I have not updated the functions to add the controller hash properly to the vTPM table. This is yet to be done.
Discussing uniqueness of the vTPM hash and the controller hash.
- Are they unique?
- Over what domain are they unique?
The vTPM hash may not be unique because the vTPM's data is not loaded when it is hashed.
Add a controller hash table with mappings from cotroller domain ID to controller hash that are used to populate the existing table.
Steps through vTPM boot:
- DB starts controller, passes hash and domID to vTPM Manager
- vTPM Manager stores hash and domID for future use
- Controller requests start of the vTPM with LTN
- DB starts the vTPM and passes controller domID, vTPM domID, vTPM LTN, and vTPM hash to the vTPM manager
- vTPM manager populates the vTPM
- Find the LTN entry
- Add vTPM domID and vTPM hash to vTPM manager table entry
- Find controller entry in controller table
- Add controller hash to vTPM manager table entry
Cannot start multiple instances of the same vTPM LTN because there is only one entry associated with each LTN in the vTPM Manager table.

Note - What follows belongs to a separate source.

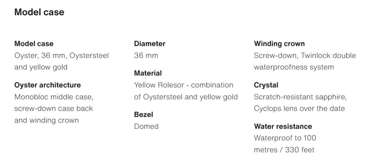 • The Oyster Perpetual Datejust 36 is available in yellow gold and Oystersteel with a white dial and Oyster bracelet. -m126203-0030

Looking at what starting up a vTPM means and what has to happen. Preconditions:
- The LTN associated with the vTPM must exist in the vTPM Manager Table Before the vTPM can start. Checked
- The LTN associated with the vTPM must not be started already Checked
- The key must unseal given the controller and vTPM hashes in PCR 5 and PCR 6
Postconditions:
- The entry associated with the LTN has an associated domain ID and is populated with hashes.
- k_D does not change from the value originally in the table.
- Pulled the k_D parameter from the startup function. It is not needed as k_D does not change.
- Removed the platform (controller) ID from the startVtpm function
- Added check for valid domain ID alread in table
- The vTPM hash need not be unique, but the controller hash must be
When a vTPM starts it must uniquely identify its associated table entry. The hash of the vTPM need not be unique in the current model. The hash of the platform does need to be unique, but there may be more than one vTPM associated with it. Really, the only thing in the table that must be unique is the LTN of the vTPM.
Controller - Hash is unique vTPM - Hash is not unique LTN vTPM - unique, but not included in the hash
A controller can build two copies of the same vTPM by providing the same LTN. Is this a problem?
A controller cannot build a duplicate of a vTPM whose data is sealed to the unique hash of the controller. Thus, another controller cannot start a second copy of a vTPM it does not already have permission to start via the controller hash.